Dosimetric Impact of CBCT-Based Setup Corrections In G-Frame Gamma Knife Radiosurgery for Post-Craniotomy Patients
Abstract
Purpose
Stereotactic G-frame immobilization is the reference standard for Gamma Knife radiosurgery (GKRS); however, post-craniotomy anatomical alterations may compromise setup accuracy and reproducibility. This study is on CBCT–based setup corrections during treatment delivery in post-craniotomy GKRS patients immobilized with G-frames. We evaluated the dosimetric impact of residual setup uncertainty on target coverage and plan quality.
Methods
Thirty seven post-craniotomy patients treated with frame-based GKRS using CBCT image guidance were retrospectively reviewed, comprising 58 treatment targets. Pre-treatment CBCT images were rigidly registered to the plan reference images. The geometric translation and rotation corrections and the calculated maximum displacement were obtained from the Leksell Gamma Plan (LGP) treatment planning system and the predicted deviation in dosimetric coverage, as reported by the planning system if these corrections were not applied, were studied.
Results
The maximum setup correction was 1.52 ± 0.74 mm, with systematic and random errors of Σ = 0.63 mm and σ = 0.41 mm, respectively. Twenty-seven percent of treatments required translational corrections ≥1.0 mm.
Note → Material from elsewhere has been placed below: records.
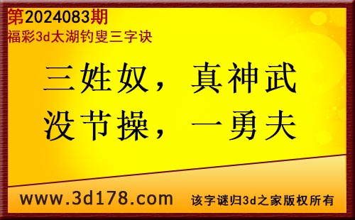 3d第2024083期太湖图库解字谜:三姓奴,真神武,没节操,一勇夫
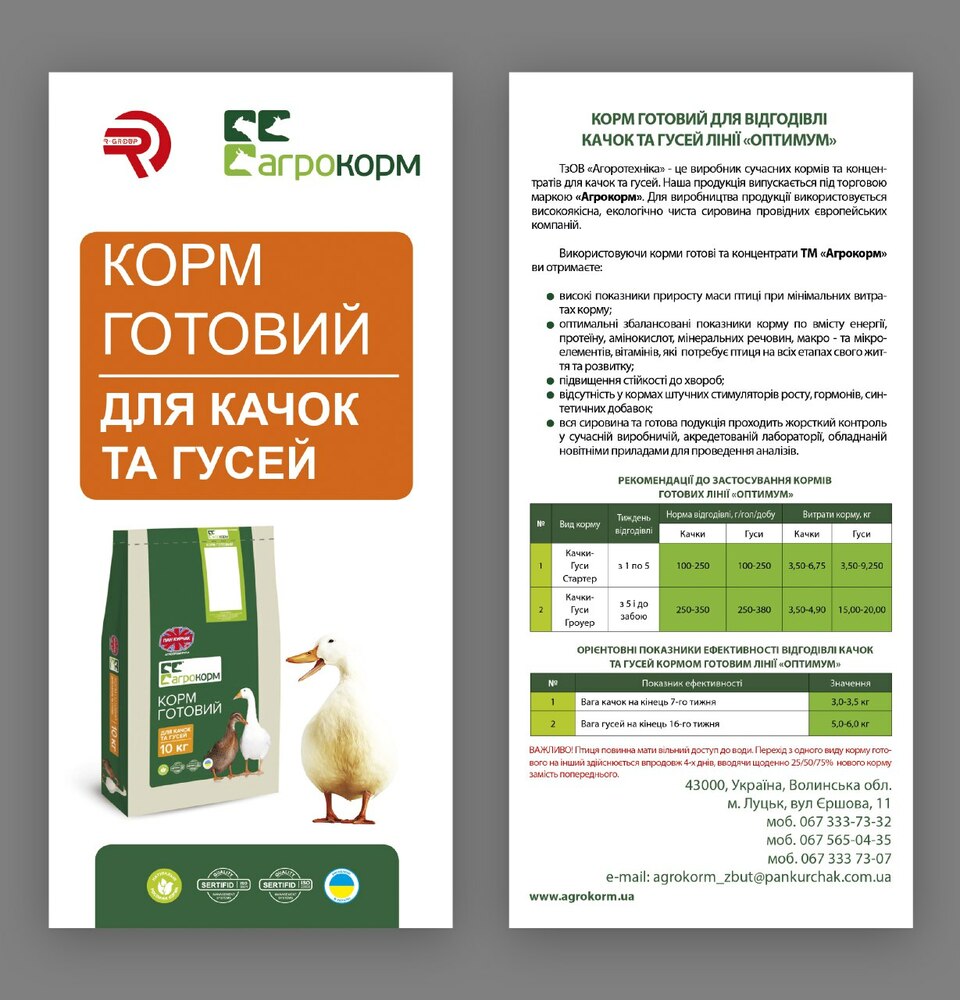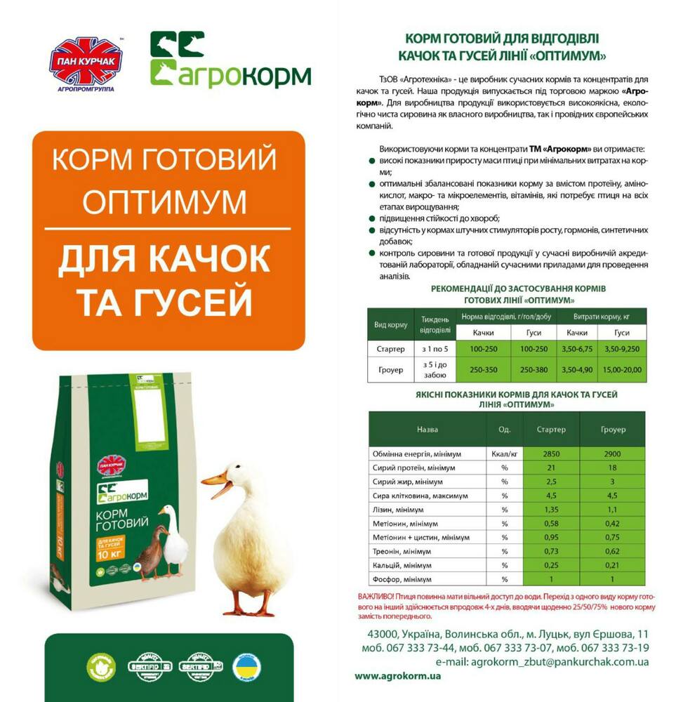 Правильно збалансовані корми для качок та гусей дозволять скоротити період від- годівлі та допоможуть власникам поголів’я отримати значну економічну вигоду. Врахо- вуючи особливість даного виду спеціалісти ТзОВ «Агротехніка» розробили універсаль- ні корми для відгодівлі качок та гусей.
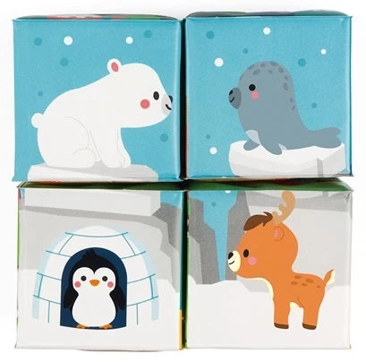 De 4 zachte blokken van 6 x 6 x 6 cm vormen 6 verschillende afbeeldingen. Op de badpuzzel zie je een schildpadje, draak en mooie pooldieren. Welke dieren ontdek je nog meer?
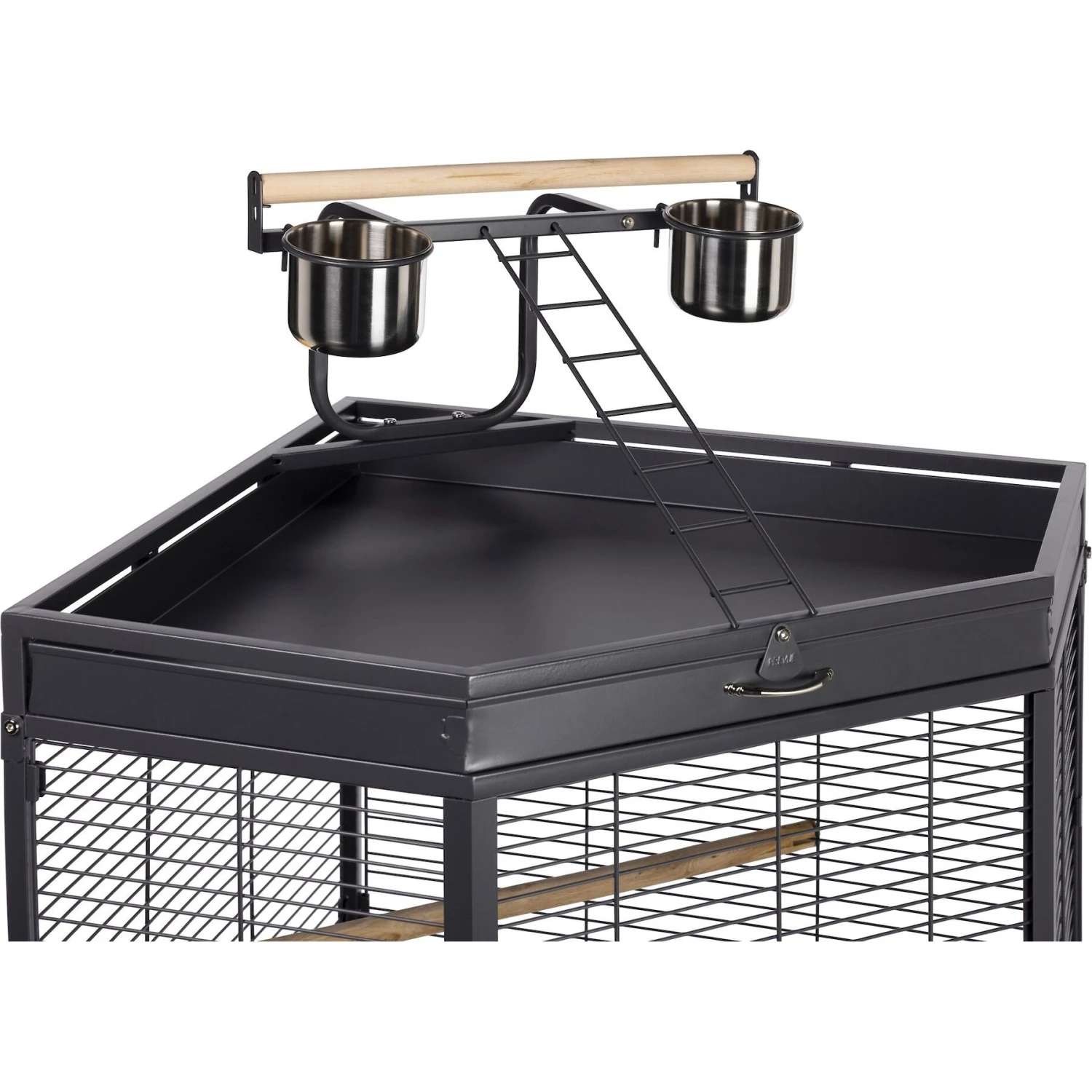 - Playtop includes a perch bar, 2 cups, a ladder and removable debris tray.
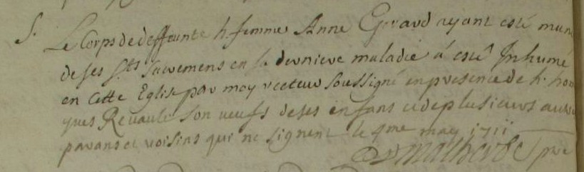 Officiant : LevieilDécès : 8 février 1730 à Guignen 35580 Pavoinière
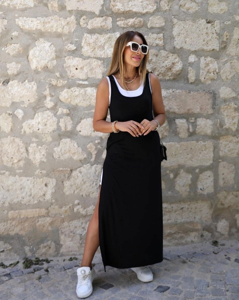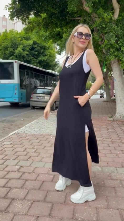 Kadın Askılı Yuvarlak Yakalı Cepli Yırtmaç Detaylı Viskon Elbise Ve Atlet Ikili Takım
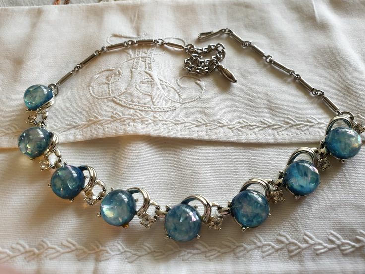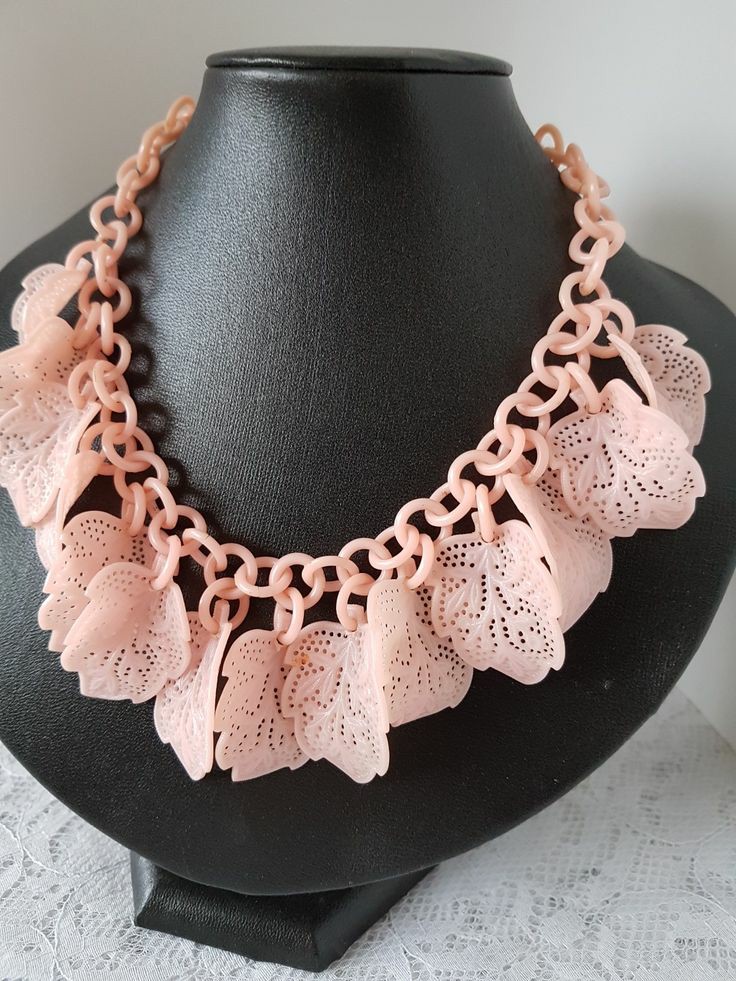 50-talet. Nu blir det färg! Det framåtriktade 50-talet när allt var möjligt och framtiden ljus så blev också smycken ”gladare”. Man skulle dessutom gärna ha matchande set, halsband och örhängen, halsband och armband etc. Celluloiden hänger med in i 50-talet men lucite, termoplast och en hel massa andra plastsorter gör halsbanden färgglada, ger dem ”sken” och gör dem mer lekfulla. Blommor är självklara, många doserade pärlhalsband med plastpärlor i olika färger men inte minst halsbanden med metalldetaljer och platta plastdetaljer.
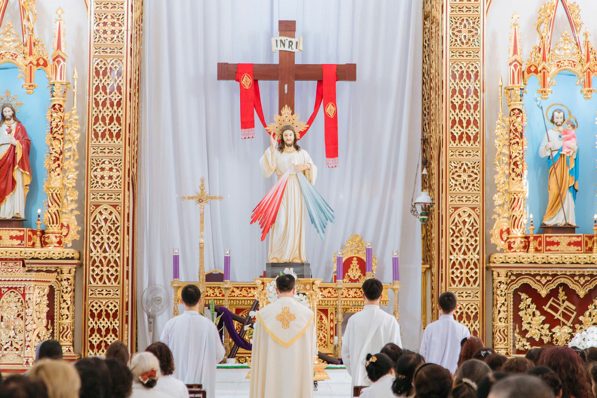 Đúng 15g00, Thánh lễ tôn vinh lòng Chúa thương xót do cha Giuse Dương Hữu Tình chủ sự. Cùng hiệp dâng trong Thánh lễ, có cha phó Giuse Phạm Quang Danh, quý tu sĩ, cùng đông đảo cộng đoàn dân Chúa.
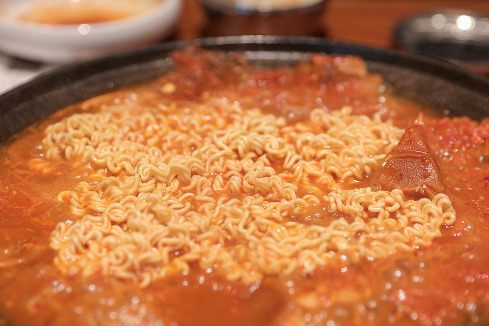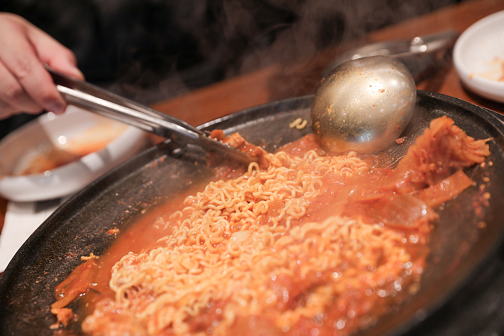 장유 율하 맛집은 라면사리도 덤으로 내주셨는데 찜이라고 하기엔 국물이 좀 많고 찌개라고 하기엔 국물이 약간 짜박한 느낌이라 그 애매한 경계에서 맛보는데 오히려 이렇게 먹으니 라면사리에 깊은맛이 베어들어서 더 맛있다.
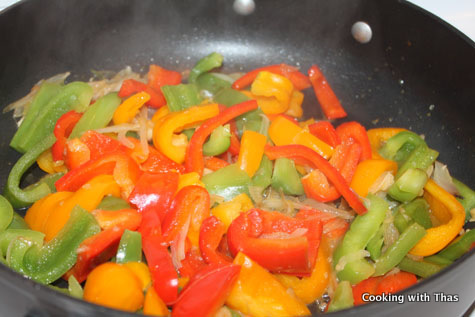- Add all the peppers and cook till they turn tender but not fully cooked or mashed up.
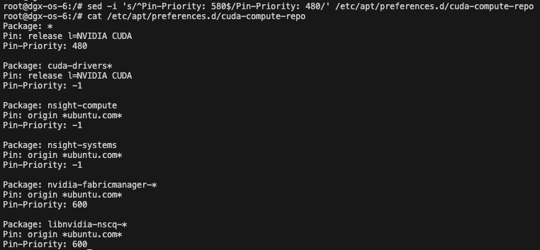 Change the CUDA repo preferences from the default of 580 to 480 as the newly added repo will have the default value of 500. Otherwise, the MFT package will install at an earlier version which is incompatible with the DOCA driver. This will be changed to default after the install procedure is completed.
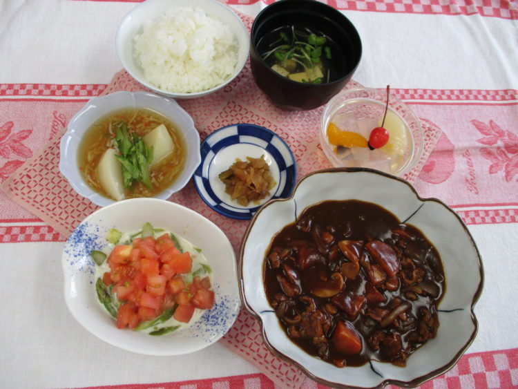 ご飯、豆腐とかいわれのスープ、薄切り牛肉のハヤシライス、アスパラとえびのサラダ、かぶのかにあんかけ、福神漬、フルーツみつ豆
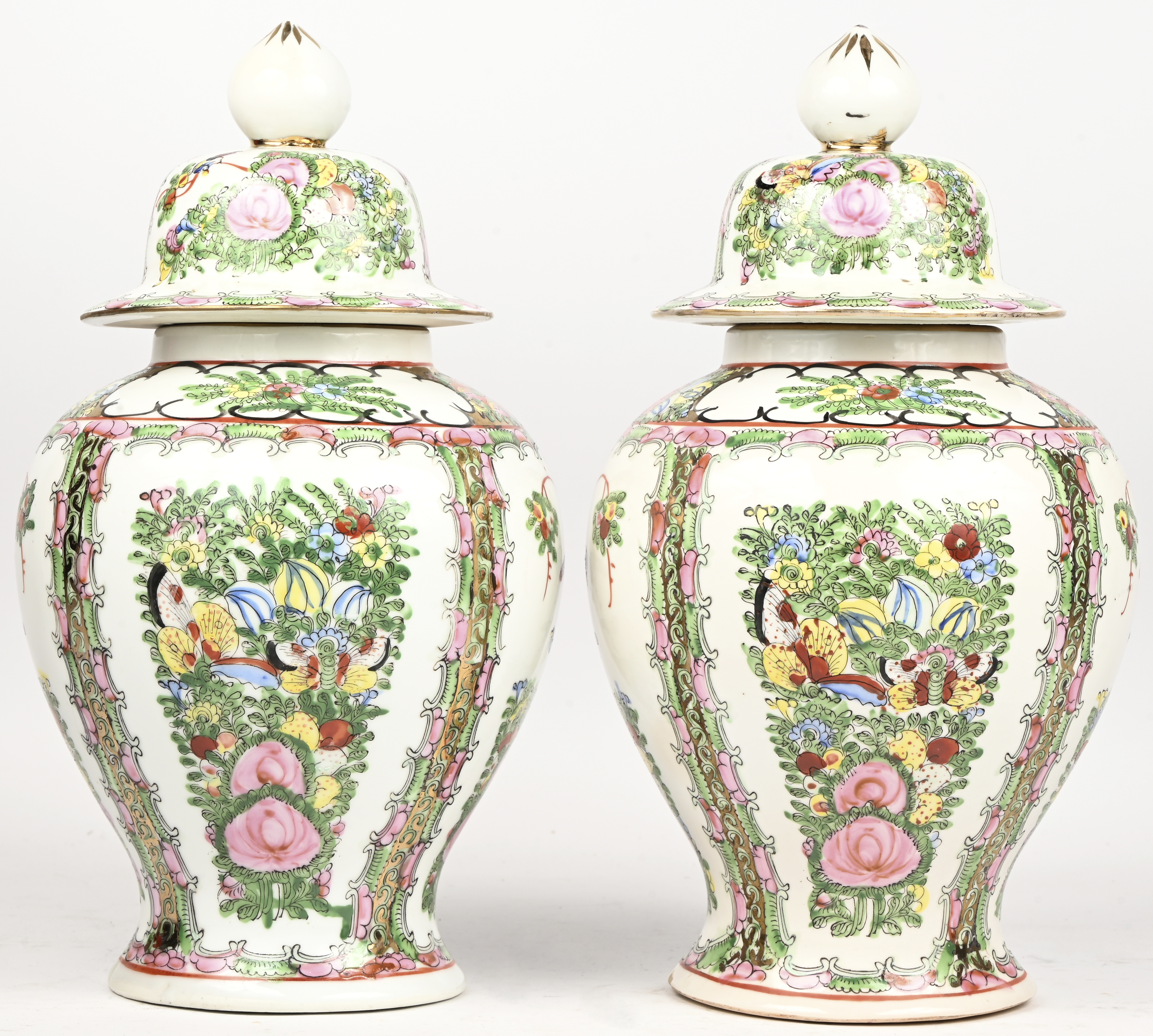 A set of 2 Chinese porcelain covered vases. Decorated with a blue and white design of birds and flowers, with the lid adorned with Fu dogs.No longer availableDim. h 48 cmEstimate: € 150 / 250 -
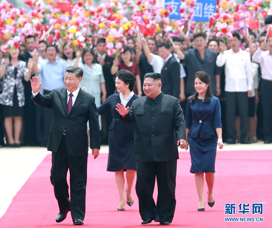 當?shù)貢r間12時許,習近平乘坐的專機抵達平壤順安機場。雨后初晴的平壤,天高云淡、氣候怡人,到處郁郁蔥蔥、繁花似錦,整個城市洋溢著友好熱烈的氣氛。機場上中朝兩國國旗迎風飄揚,“熱烈歡迎中國共產(chǎn)黨中央委員會總書記、中華人民共和國主席習近平同志”“鮮血凝成的朝中兩國人民之間牢不可破的友誼團結萬歲”大幅標語高高懸掛,近萬名群眾排列成整齊的隊伍,有力地揮動著花束,以歡快的口號和熱情的笑容,歡迎尊貴的中國客人到來。朝鮮勞動黨委員長、國務委員會委員長金正恩和夫人李雪主到機場迎接。
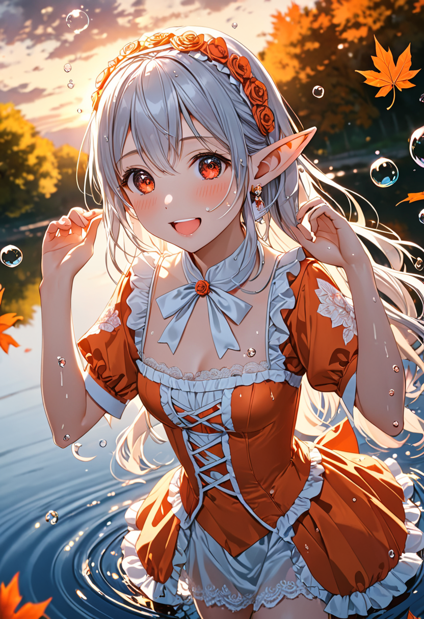Elf's Bubble Play by the Autumn Lakeside
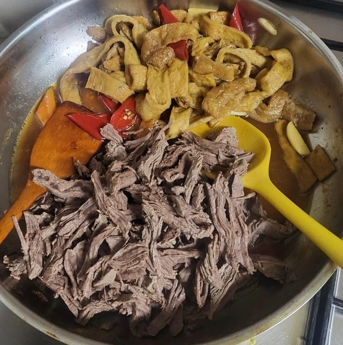 우리 집 김밥 속 재료는 시금치, 계란, 어묵, 당근, 유부가 들어간다. 이때 소고기 장조림을 만드는데 어묵, 당근, 유부도 함께 조린다. 소고기와 단짠 간장이 어우러져 정말 맛있다.
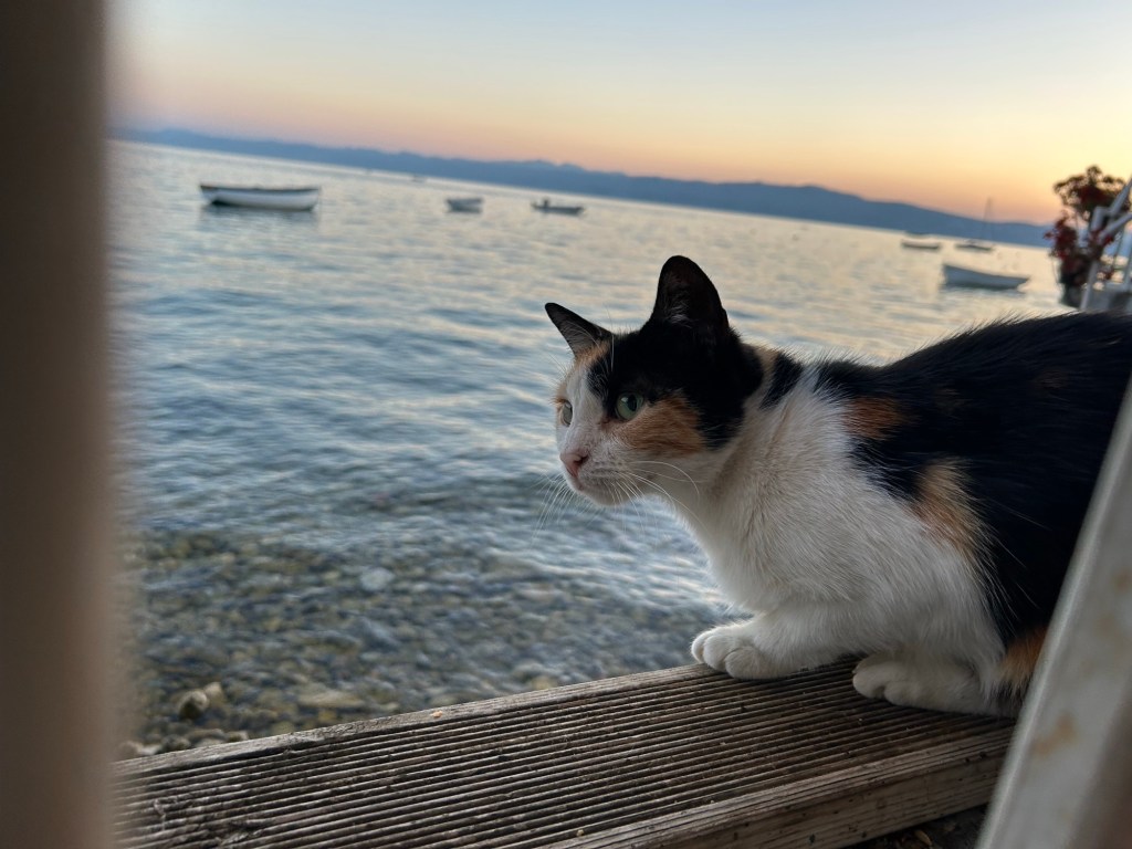 We enjoy the last throws of the sunset, while waiting (quite a long while) for the food to arrive. A 3 piece folk band play while we wait, and everyone is having a great time. 5 cats are prowling the wall beside, but despite giving me the eyes looking for good, are not happy with the slice of orange I’ve given them from my plate. Talking about biting the hand that feeds you!
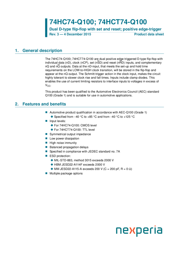 74HCT74D-Q100, 74HCT74BQ-Q100, 74HCT74PW-Q100, 74HC74BQ-Q100, 74HC74PW-Q100
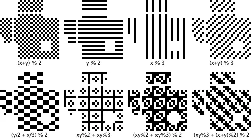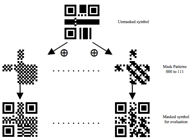 这样下来,我们的图就填好了,但是,也许那些点并不均衡,如果出现大面积的空白或黑块,会告诉我们扫描识别的困难。所以,我们还要做Masking操作(靠,还嫌不复杂)QR的Spec中说了,QR有8个Mask你可以使用,如下所示:其中,各个mask的公式在各个图下面。所谓mask,说白了,就是和上面生成的图做XOR操作。Mask只会和数据区进行XOR,不会影响功能区。(注:选择一个合适的Mask也是有算法的)
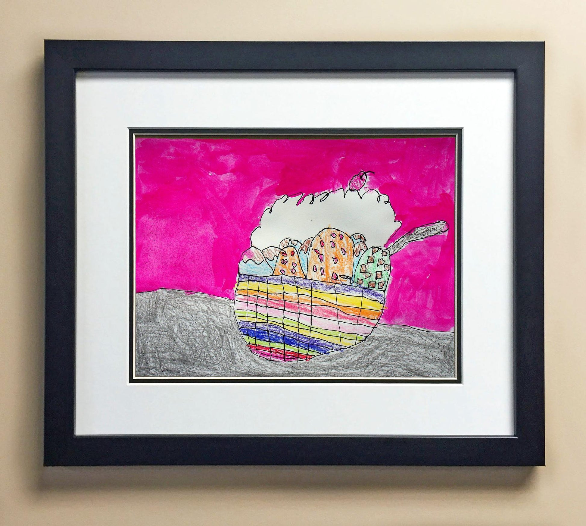Included with the purchase is the Students Artwork, Frame, double matboard, shatter proof plexiglass, and a ready to hang backerboard with turnbuttons

Rotational corrections demonstrated a maximum magnitude of 0.71 ± 0.38°, with 11% of treatments exceeding 1.0°. Increasing translational setup error was associated with progressive degradation in target coverage and conformity. Targets requiring ≥0.5 mm correction demonstrated a mean reduction in V100% of 3.1% and a CI degradation of 0.12, compared to reductions of 0.9% and 0.03 for corrections <050 mm (p < 0.01). GI remained relatively stable for translational corrections <1.5 mm but increased by 6.4% for larger deviations.
Conclusion
Further, we find that overall maximum displacement corrections greater than 0.5 mm resulted in appreciable dosimetric coverage degradation and can be used as criteria for rejecting G-frame based registration and replanned with CBCT based registration. Earlier work (1) by previous authors had suggested a 1 mm correction tolerance.